INSTRUCTIONS TO FOLLOW: Starting at the first entry below, repeat all the data word for word and drop the pictures.

MATERIAL PROVIDED:
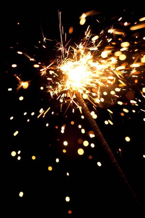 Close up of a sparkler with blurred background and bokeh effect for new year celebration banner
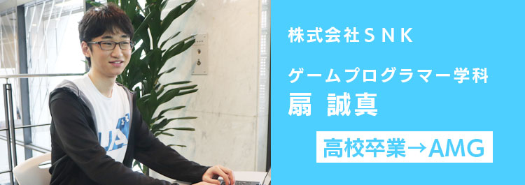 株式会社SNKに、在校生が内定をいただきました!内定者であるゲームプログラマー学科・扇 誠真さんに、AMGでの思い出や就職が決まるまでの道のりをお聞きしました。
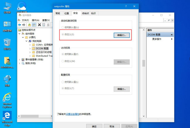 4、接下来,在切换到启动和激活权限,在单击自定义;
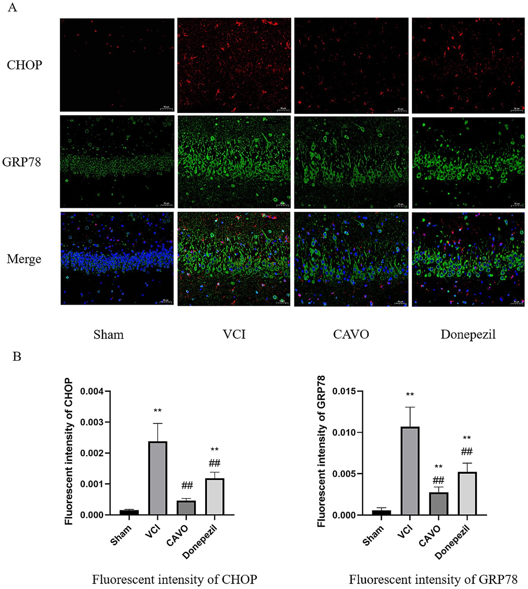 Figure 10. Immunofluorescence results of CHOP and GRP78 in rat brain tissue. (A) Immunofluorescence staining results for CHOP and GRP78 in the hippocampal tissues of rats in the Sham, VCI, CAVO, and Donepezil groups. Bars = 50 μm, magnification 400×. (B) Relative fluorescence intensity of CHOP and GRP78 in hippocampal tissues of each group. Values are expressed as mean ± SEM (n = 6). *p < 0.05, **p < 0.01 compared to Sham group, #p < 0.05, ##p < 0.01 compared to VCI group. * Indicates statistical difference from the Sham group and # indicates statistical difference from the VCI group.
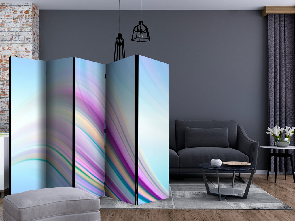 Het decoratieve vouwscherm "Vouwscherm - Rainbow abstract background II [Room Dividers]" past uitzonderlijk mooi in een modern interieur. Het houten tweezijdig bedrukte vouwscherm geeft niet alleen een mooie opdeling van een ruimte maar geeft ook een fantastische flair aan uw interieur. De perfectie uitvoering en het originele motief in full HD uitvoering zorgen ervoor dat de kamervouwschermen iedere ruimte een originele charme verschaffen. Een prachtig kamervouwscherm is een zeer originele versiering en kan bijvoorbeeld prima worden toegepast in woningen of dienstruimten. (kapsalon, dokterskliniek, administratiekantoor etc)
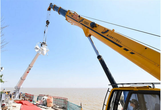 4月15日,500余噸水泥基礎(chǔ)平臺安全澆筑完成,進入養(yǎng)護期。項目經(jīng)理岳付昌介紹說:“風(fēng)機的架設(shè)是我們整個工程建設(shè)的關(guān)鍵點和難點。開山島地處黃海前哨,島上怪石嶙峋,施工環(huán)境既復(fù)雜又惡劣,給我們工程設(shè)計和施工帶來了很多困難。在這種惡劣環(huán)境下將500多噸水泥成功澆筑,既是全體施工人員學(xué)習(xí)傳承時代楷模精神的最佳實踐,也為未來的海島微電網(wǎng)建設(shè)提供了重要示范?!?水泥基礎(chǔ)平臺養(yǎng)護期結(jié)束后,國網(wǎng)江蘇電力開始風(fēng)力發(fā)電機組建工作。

ANSWER TO THE PROBLEM:
 Close up of a sparkler with blurred background and bokeh effect for new year celebration banner
 株式会社SNKに、在校生が内定をいただきました!内定者であるゲームプログラマー学科・扇 誠真さんに、AMGでの思い出や就職が決まるまでの道のりをお聞きしました。
 4、接下来,在切换到启动和激活权限,在单击自定义;
 Figure 10. Immunofluorescence results of CHOP and GRP78 in rat brain tissue. (A) Immunofluorescence staining results for CHOP and GRP78 in the hippocampal tissues of rats in the Sham, VCI, CAVO, and Donepezil groups. Bars = 50 μm, magnification 400×. (B) Relative fluorescence intensity of CHOP and GRP78 in hippocampal tissues of each group. Values are expressed as mean ± SEM (n = 6). *p < 0.05, **p < 0.01 compared to Sham group, #p < 0.05, ##p < 0.01 compared to VCI group. * Indicates statistical difference from the Sham group and # indicates statistical difference from the VCI group.
 Het decoratieve vouwscherm "Vouwscherm - Rainbow abstract background II [Room Dividers]" past uitzonderlijk mooi in een modern interieur. Het houten tweezijdig bedrukte vouwscherm geeft niet alleen een mooie opdeling van een ruimte maar geeft ook een fantastische flair aan uw interieur. De perfectie uitvoering en het originele motief in full HD uitvoering zorgen ervoor dat de kamervouwschermen iedere ruimte een originele charme verschaffen. Een prachtig kamervouwscherm is een zeer originele versiering en kan bijvoorbeeld prima worden toegepast in woningen of dienstruimten. (kapsalon, dokterskliniek, administratiekantoor etc)
 4月15日,500余噸水泥基礎(chǔ)平臺安全澆筑完成,進入養(yǎng)護期。項目經(jīng)理岳付昌介紹說:“風(fēng)機的架設(shè)是我們整個工程建設(shè)的關(guān)鍵點和難點。開山島地處黃海前哨,島上怪石嶙峋,施工環(huán)境既復(fù)雜又惡劣,給我們工程設(shè)計和施工帶來了很多困難。在這種惡劣環(huán)境下將500多噸水泥成功澆筑,既是全體施工人員學(xué)習(xí)傳承時代楷模精神的最佳實踐,也為未來的海島微電網(wǎng)建設(shè)提供了重要示范?!?水泥基礎(chǔ)平臺養(yǎng)護期結(jié)束后,國網(wǎng)江蘇電力開始風(fēng)力發(fā)電機組建工作。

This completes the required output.